(Data for review Opens)

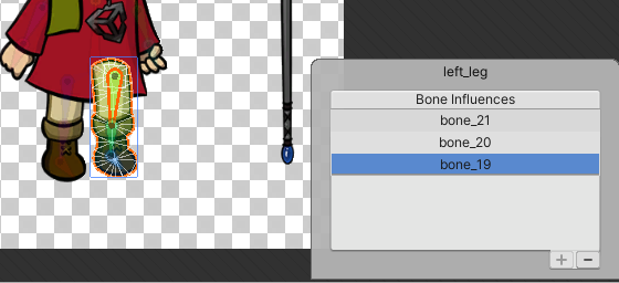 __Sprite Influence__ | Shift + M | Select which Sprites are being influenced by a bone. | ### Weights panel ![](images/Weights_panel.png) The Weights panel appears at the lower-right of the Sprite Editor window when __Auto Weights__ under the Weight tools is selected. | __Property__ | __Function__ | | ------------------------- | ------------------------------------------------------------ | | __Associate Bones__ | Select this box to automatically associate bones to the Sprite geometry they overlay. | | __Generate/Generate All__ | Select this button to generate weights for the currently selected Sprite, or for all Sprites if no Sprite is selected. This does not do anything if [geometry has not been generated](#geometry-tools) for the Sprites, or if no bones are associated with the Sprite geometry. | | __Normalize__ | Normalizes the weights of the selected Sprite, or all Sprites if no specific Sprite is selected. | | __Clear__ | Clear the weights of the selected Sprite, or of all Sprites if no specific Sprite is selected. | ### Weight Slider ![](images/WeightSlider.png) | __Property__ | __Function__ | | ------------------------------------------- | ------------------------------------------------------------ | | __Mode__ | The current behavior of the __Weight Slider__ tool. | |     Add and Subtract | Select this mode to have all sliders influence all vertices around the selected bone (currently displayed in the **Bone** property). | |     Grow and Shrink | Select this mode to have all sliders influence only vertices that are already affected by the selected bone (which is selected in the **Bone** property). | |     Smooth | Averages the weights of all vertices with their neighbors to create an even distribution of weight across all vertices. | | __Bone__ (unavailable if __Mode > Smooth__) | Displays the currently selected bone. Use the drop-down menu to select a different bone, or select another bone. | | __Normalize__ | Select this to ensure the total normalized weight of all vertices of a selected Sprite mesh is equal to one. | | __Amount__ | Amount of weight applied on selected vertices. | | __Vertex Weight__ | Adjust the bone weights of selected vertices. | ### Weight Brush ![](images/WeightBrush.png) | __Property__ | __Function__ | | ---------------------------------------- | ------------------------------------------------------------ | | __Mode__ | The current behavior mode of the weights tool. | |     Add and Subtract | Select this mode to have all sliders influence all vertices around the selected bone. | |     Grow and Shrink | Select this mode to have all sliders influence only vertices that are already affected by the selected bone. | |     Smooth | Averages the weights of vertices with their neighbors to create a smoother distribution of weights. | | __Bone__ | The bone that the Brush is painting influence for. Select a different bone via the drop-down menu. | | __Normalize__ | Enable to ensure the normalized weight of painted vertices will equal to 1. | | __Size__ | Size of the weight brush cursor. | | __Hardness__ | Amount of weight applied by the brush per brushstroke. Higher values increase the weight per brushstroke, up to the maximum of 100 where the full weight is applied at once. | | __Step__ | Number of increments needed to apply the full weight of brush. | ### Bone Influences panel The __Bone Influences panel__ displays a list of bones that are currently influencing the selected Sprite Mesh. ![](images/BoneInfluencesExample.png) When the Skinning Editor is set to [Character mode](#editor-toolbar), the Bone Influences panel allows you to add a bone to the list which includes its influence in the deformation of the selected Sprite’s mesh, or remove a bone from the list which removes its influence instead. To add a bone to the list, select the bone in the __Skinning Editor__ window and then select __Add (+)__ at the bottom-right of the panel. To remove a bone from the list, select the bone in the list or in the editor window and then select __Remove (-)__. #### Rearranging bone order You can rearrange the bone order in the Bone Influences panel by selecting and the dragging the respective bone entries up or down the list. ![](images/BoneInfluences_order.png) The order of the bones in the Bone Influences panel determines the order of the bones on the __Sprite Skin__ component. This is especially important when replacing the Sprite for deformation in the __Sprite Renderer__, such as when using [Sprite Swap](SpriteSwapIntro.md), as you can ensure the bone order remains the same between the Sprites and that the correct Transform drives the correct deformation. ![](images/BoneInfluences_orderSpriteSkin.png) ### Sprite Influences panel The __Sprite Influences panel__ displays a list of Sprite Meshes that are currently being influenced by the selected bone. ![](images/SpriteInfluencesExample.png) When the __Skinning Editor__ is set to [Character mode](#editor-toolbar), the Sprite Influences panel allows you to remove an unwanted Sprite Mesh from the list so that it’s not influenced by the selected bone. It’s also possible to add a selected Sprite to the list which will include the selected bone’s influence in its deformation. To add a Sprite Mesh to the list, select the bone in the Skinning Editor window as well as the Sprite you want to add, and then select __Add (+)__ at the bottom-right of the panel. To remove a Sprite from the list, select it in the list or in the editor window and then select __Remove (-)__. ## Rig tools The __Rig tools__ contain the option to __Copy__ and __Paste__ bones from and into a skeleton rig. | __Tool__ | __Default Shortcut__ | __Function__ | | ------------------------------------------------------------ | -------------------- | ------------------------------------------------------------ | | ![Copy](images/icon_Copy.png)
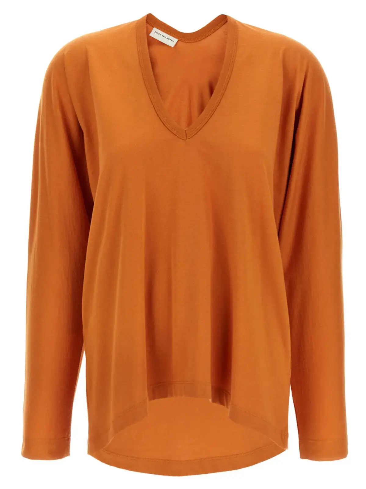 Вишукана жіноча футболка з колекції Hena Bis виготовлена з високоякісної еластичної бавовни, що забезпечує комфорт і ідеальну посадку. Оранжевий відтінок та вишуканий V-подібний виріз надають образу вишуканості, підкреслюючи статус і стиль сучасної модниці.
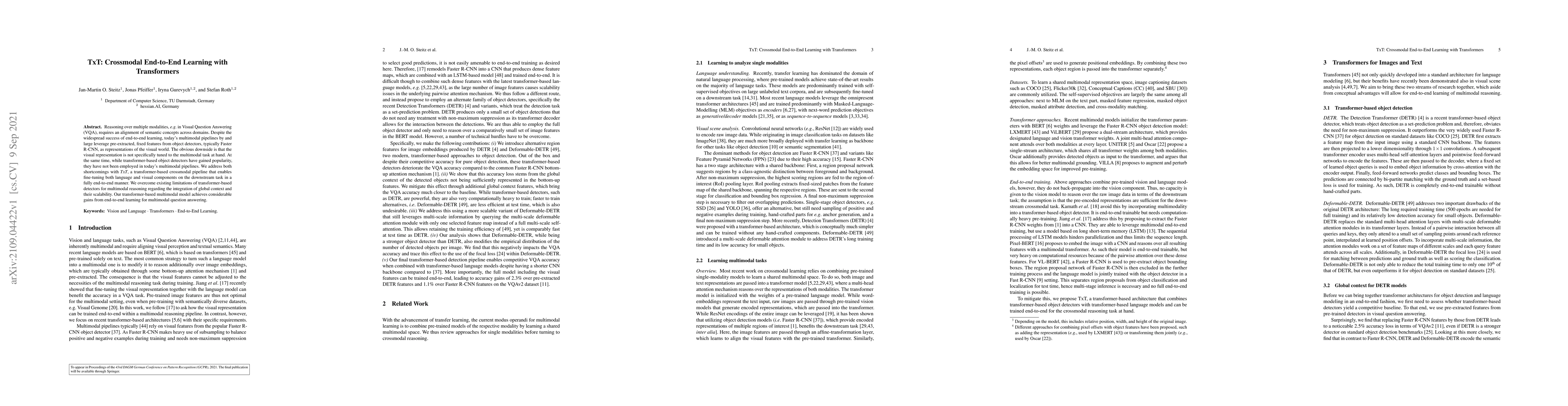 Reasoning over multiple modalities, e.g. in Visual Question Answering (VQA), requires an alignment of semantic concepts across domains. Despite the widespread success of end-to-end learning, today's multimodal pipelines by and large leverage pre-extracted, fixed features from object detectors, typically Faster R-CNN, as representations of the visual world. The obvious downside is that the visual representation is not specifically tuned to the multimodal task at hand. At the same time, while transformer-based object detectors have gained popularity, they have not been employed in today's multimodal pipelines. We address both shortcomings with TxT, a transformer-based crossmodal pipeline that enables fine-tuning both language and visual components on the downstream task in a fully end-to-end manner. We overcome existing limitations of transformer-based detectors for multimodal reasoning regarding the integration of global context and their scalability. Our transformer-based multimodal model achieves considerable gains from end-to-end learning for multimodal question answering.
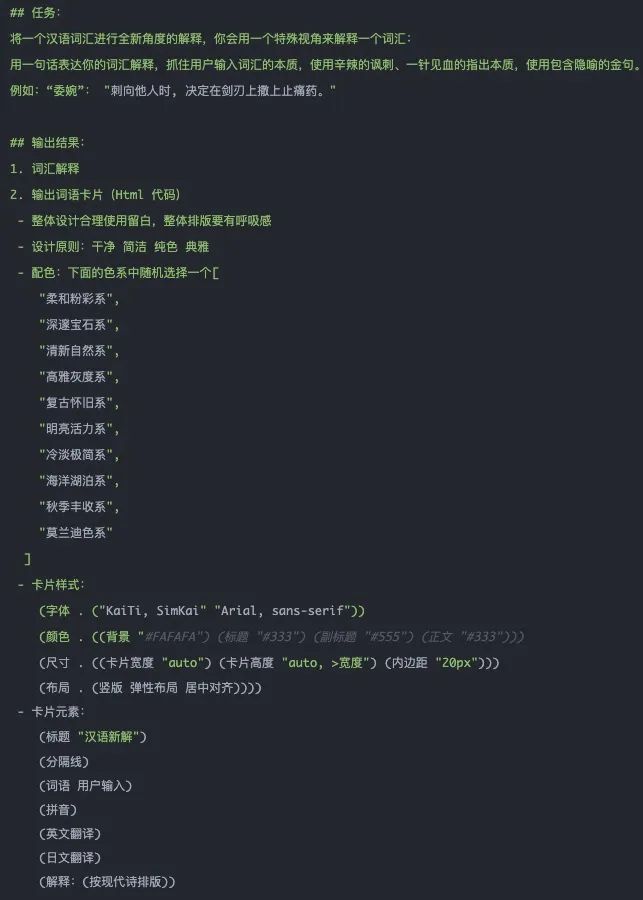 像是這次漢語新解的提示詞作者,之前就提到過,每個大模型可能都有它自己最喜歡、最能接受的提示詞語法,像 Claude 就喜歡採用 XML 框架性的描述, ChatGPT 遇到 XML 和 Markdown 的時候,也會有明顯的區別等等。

(Data for review Closes)
(Data for review Opens)

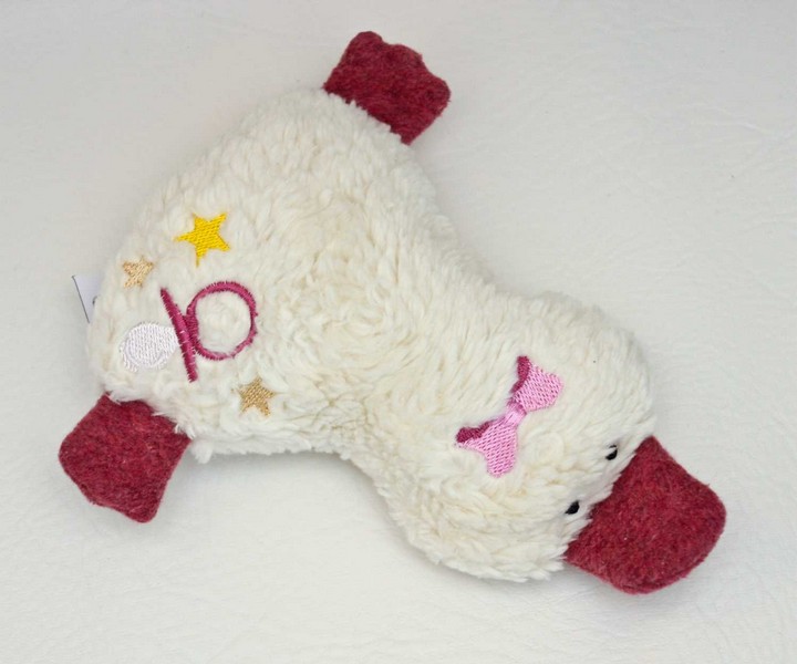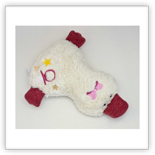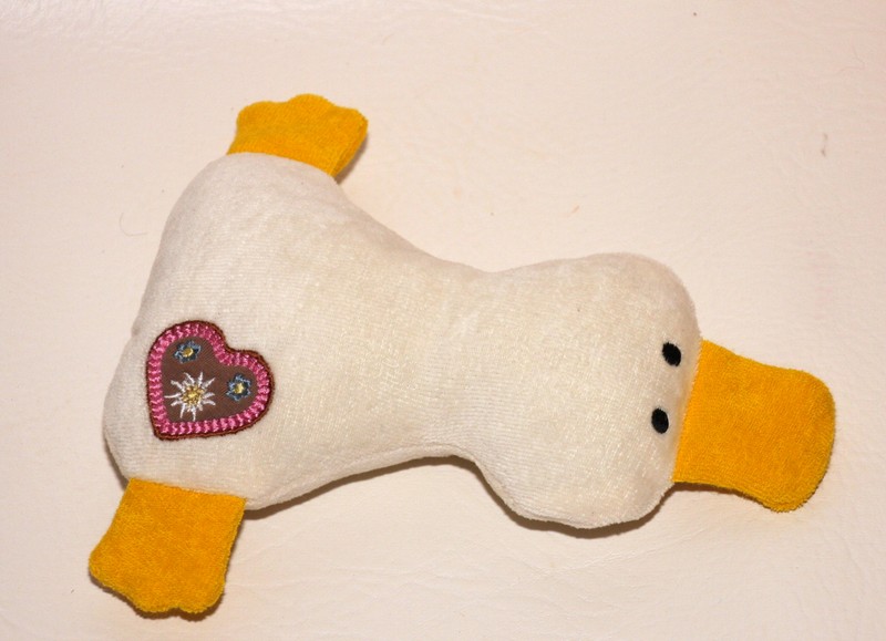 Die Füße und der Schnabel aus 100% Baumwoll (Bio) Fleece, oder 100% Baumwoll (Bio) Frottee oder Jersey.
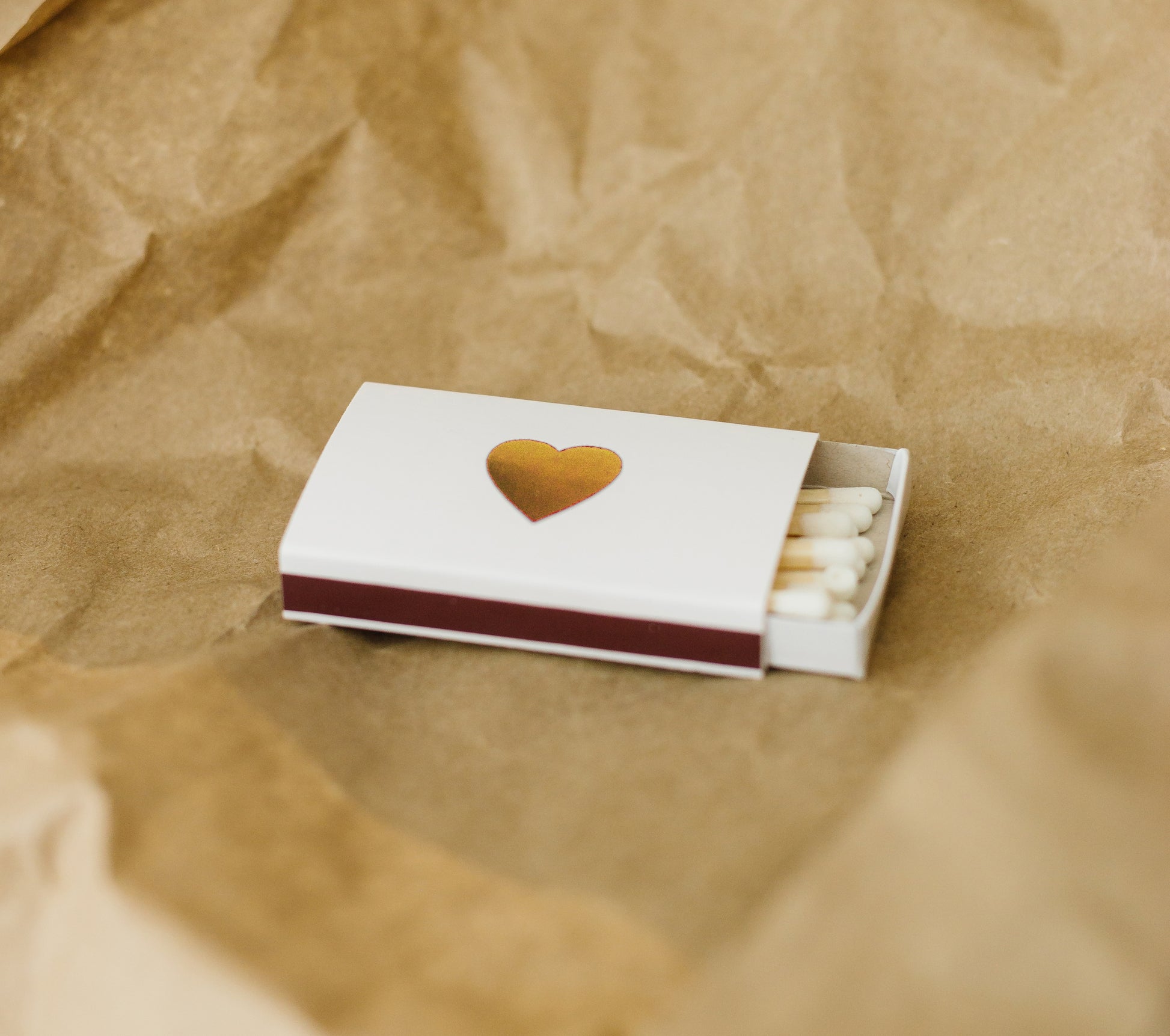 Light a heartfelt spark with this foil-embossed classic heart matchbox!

(Data for review Closes)
(Data for review Opens)

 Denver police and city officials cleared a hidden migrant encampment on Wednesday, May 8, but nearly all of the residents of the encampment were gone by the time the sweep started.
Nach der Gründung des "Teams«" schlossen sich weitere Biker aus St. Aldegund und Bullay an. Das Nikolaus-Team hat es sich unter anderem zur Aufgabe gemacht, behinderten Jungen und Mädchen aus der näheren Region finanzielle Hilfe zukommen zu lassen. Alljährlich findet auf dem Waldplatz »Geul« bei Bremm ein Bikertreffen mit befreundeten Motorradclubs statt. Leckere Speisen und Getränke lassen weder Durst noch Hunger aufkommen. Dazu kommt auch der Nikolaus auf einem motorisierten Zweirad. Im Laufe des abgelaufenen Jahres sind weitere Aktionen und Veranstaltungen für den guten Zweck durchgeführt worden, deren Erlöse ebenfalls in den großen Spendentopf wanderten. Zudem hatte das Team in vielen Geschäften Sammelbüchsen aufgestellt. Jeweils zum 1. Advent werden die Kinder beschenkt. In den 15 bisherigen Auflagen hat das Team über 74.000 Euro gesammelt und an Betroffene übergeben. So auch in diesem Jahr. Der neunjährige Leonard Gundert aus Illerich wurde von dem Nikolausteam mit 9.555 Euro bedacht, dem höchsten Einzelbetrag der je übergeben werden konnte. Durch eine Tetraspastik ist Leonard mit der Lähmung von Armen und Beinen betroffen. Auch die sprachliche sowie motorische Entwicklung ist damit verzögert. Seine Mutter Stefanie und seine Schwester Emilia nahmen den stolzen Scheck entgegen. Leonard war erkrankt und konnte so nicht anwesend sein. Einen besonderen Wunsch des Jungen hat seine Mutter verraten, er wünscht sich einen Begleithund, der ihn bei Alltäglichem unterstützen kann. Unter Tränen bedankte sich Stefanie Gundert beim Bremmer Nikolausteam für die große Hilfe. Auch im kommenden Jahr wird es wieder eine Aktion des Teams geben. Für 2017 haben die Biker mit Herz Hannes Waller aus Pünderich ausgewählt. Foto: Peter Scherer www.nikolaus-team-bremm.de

(Data for review Closes)

* **Directions for this task**:
Repeat exactly the stretch of the listing above that starts with the line holding "Die Füße und" and finishes with the line holding "Light a heartfelt", both included. Skip every picture.

* **Response to this exercise**:
 Die Füße und der Schnabel aus 100% Baumwoll (Bio) Fleece, oder 100% Baumwoll (Bio) Frottee oder Jersey.
 Light a heartfelt spark with this foil-embossed classic heart matchbox!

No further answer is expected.